DNA contains all of the coding for an organism’s biological function and is passed from one generation to another. Because of this DNA testing for paternity can be utilized. Additionally, sex-specific genetic material, like mitochondrial DNA, is passed from mother to offspring and can be used to track maternal heritage many generations back to identify common ancestry across species in evolutionary biology. Genetic information has also revolutionized forensic science, as a person’s DNA is unique and contained in all their cells, and because of that, we leave a trail of DNA throughout all our daily activities. Therefore, if a person’s DNA is known and a matching sample of DNA is found at the scene of a crime, it is conclusive that the person in question has been there at some point. This process is also known as DNA fingerprinting. Similar techniques can be used to track bacterial strains. These methods can help to significantly advance the food safety and quality industry by detecting microbiological transmission events within a factory, and such knowledge can be used to avoid pathogen or spoiler contaminations of the final product.

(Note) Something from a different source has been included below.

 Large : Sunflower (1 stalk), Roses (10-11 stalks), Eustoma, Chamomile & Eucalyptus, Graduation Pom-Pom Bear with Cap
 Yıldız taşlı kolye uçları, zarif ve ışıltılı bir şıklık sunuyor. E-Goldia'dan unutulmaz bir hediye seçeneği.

Therefore, the raw data from the sequencing process will then be subject to several bioinformatics analyses tools to produce either a draft genome, resulting from the assembly of this gigantic puzzle or a variation map by comparing the millions of fragments to a known genome to find the variable regions. Both of these approaches can be used to infer the relationships between bacterial strains found in a given place in similar ways to the DNA Fingerprinting process. The draft genomes can also be used to find target genes or mutations of interest that can have interesting phenotypic expression, such as antibiotic or biocide resistance in bacterial genomes.

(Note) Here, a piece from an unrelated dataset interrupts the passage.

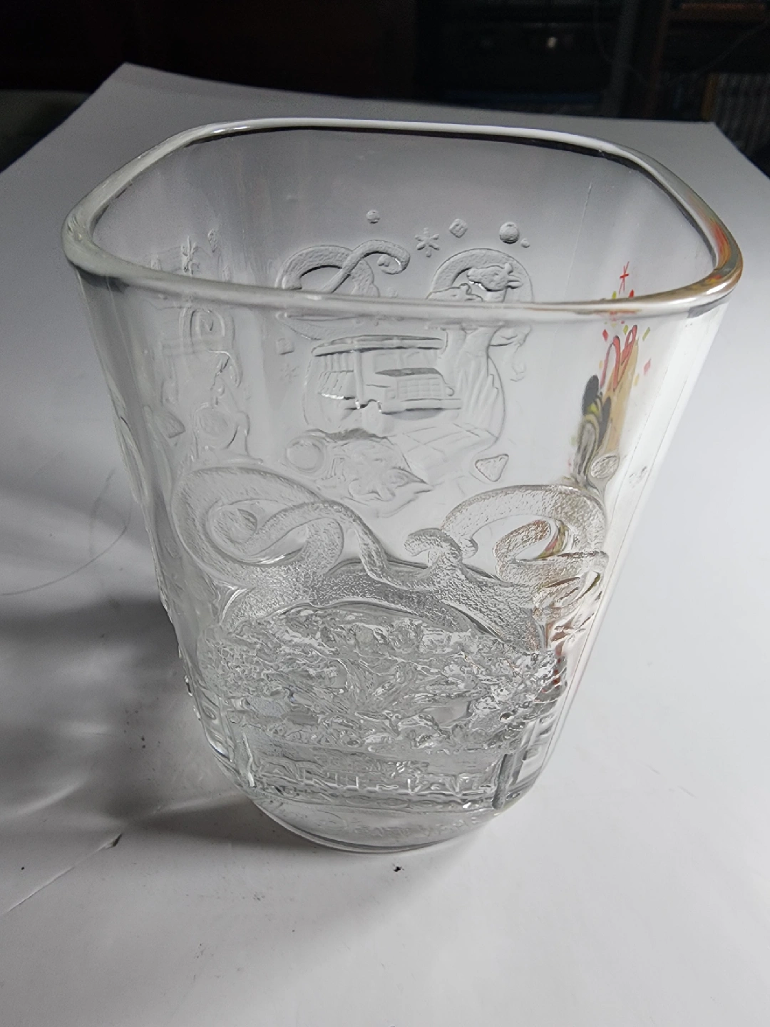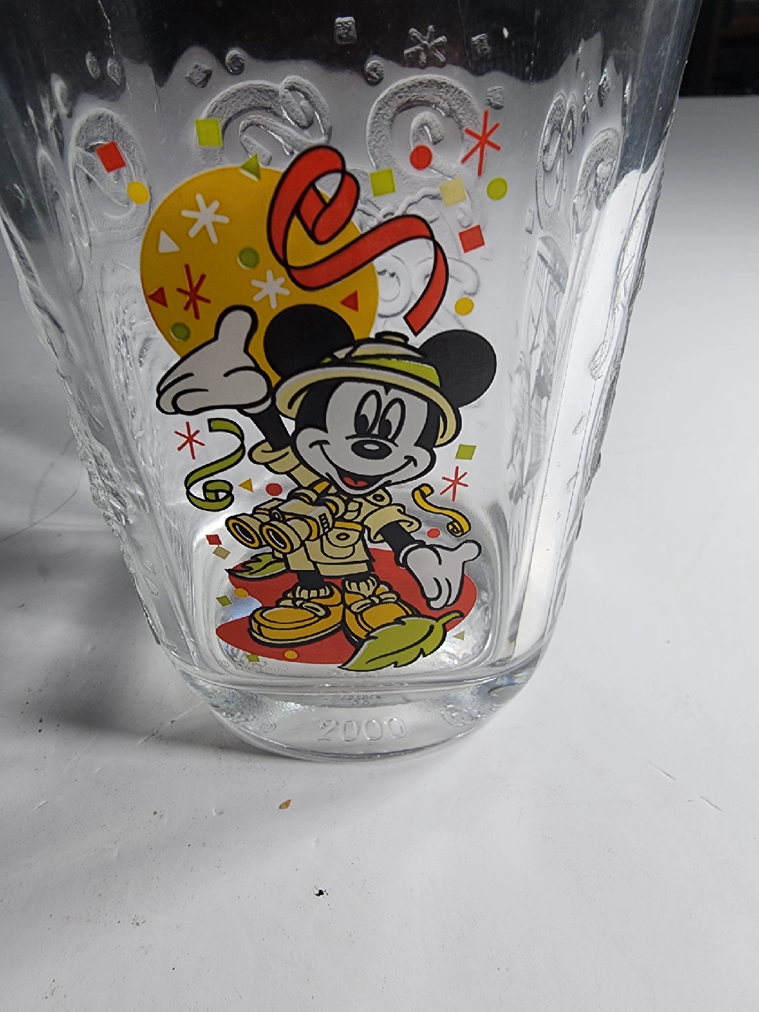 Selling a Disney Mickey Mouse celebration glass from the year 2000! It features a fun design with Mickey and celebratory details etched into the glass

Microorganisms are ubiquitous to life and provide a beneficial symbiotic relationship with larger organisms in addition to specific microbes being a source of infection and disease. Within the human body, an incredibly complex ecosystem of different microorganisms exists as a microbiome, and the state of that biome has been proven to directly impact human health. In other organisms or in larger ecological systems, microbiomes are also recognized as critical players. Understanding identities and balance between different species in a microbiome can yield valuable information related to the action of the microbe community. However, measurement of a microbiome using traditional cell culture methods is problematic as not all microbes grow favorably in standard cell culture conditions – some not at all – making it difficult or impossible to build a comprehensive view of the entire microbe community present.

Metagenomics is the sequencing of a whole community of microorganism DNA as opposed to sequencing just the individual microbes. Using methods common to whole genome sequencing, a mix of DNA from different individual microbes can be sequenced, and this information used to reconstruct the species profile of the entire microbiome population. In addition to the species profile of a microbial population, the genetic sequence of each member can also be known and compared with other members of the same species from other microbiomes to understand how those microbes have evolved or adapted to their specific environments.

Metagenomics has enabled elucidation of the relationship between microbiomes and larger systems, such as the soil of a farm, and the role of these microbiomes in nutrient cycling, disease suppression, and nitrogen fixation. In humans, the relationship between gut microbiome and health is clear, although the mechanisms themselves still remain under investigation.